We reject the Null Hypothesis. Seems that there is a significant difference between observed proportion of children choosing healthy snack based on the grade versus the expected proportion. In this case seems that in low grades children the proportion of children choosing healthy snack are lower than higher grades.
#### 7. Per-pupil costs (in thousands of dollars) for cyber charter school tuition for school districts in three areas are shown. Test the claim that there is a difference in means for the three areas, using an appropriate test.
"Area 1" 6.2 9.3 6.8 6.1 6.7 7.5
"Area 2" 7.5 8.2 8.5 8.2 7.0 9.3
"Area 3" 5.8 6.4 5.6 7.1 3.0 3.5
#### What is the null hypothesis?
The means for the Per-pupil costs in the 3 school districts areas are equal.

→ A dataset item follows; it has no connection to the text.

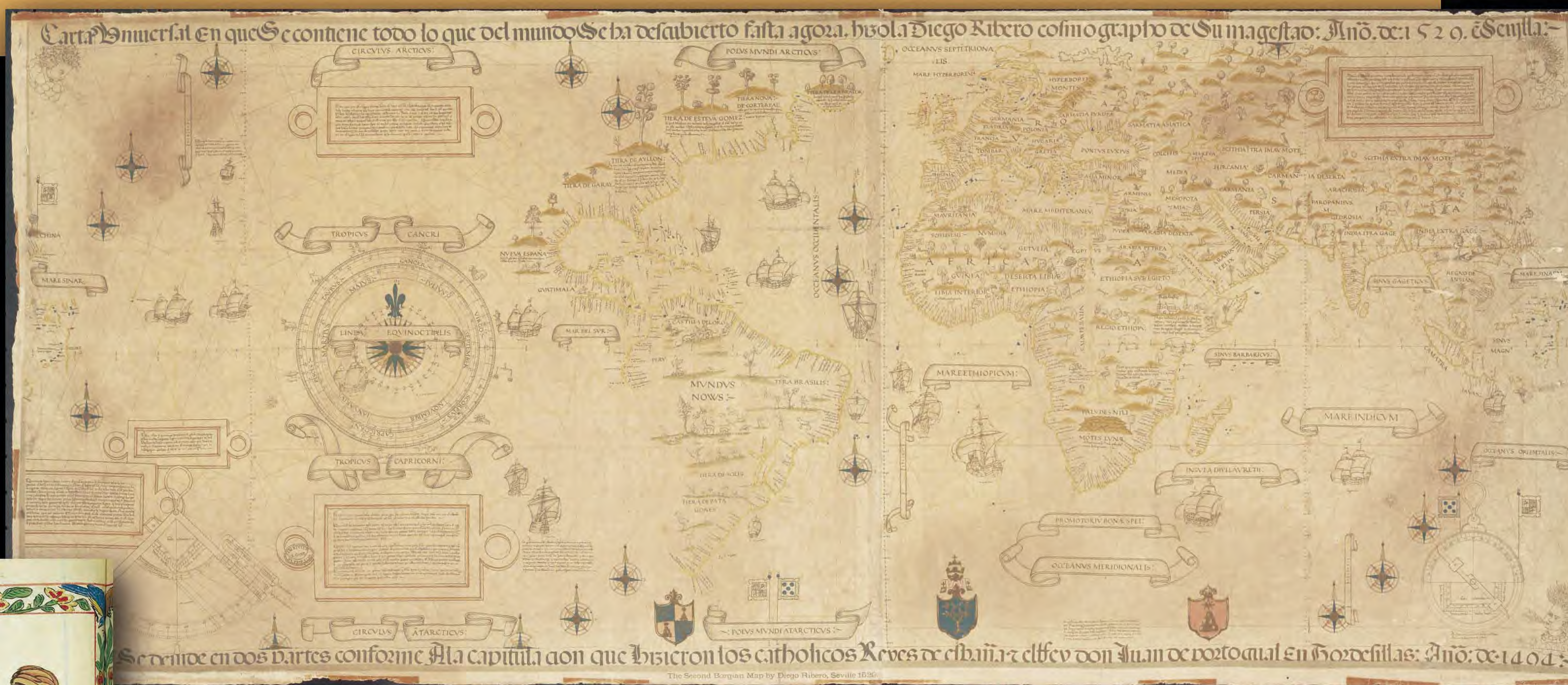
Diego de Ribero "Carta Universal" (1529), Biblioteca del Congreso, Washington D.C

Con los barcos repletos de riquezas, se hacen a la mar. Nada más zarpar, la nao Trinidad, tiene que dar la vuelta para ser reparada; posteriormente sería apresada por los portugueses. La Victoria, al mando de Juan Sebastián Elcano, se queda sola en la ruta de regreso hacia el oeste. En marzo de 1522 llega al cabo de Buena Esperanza con muchísimas dificultades y el 9 de julio a la isla de Cabo Verde. Desde allí Juan Sebastián Elcano desplegó velas rumbo Noroeste en dirección a las Azores. El 6 de septiembre de 1522 completó la primera circunnavegación al llegar al puerto de Sanlúcar de Barrameda.

#### Which test should we use?
One-way Anova.
```{r}
area1 <- c(6.2, 9.3, 6.8, 6.1, 6.7, 7.5)
area2 <- c(7.5, 8.2, 8.5, 8.2, 7.0, 9.3)
area3 <- c(5.8, 6.4, 5.6, 7.1, 3.0, 3.5)
perpupil <- data.frame(area1, area2, area3)
summary(perpupil)
perpupil2 <- stack(perpupil[,1:3])
model <- aov(values ~ ind, data = perpupil2)
summary(model)
```
#### What is the conclusion?
The per-pupil cost is significantly different based on the area (p<0.05).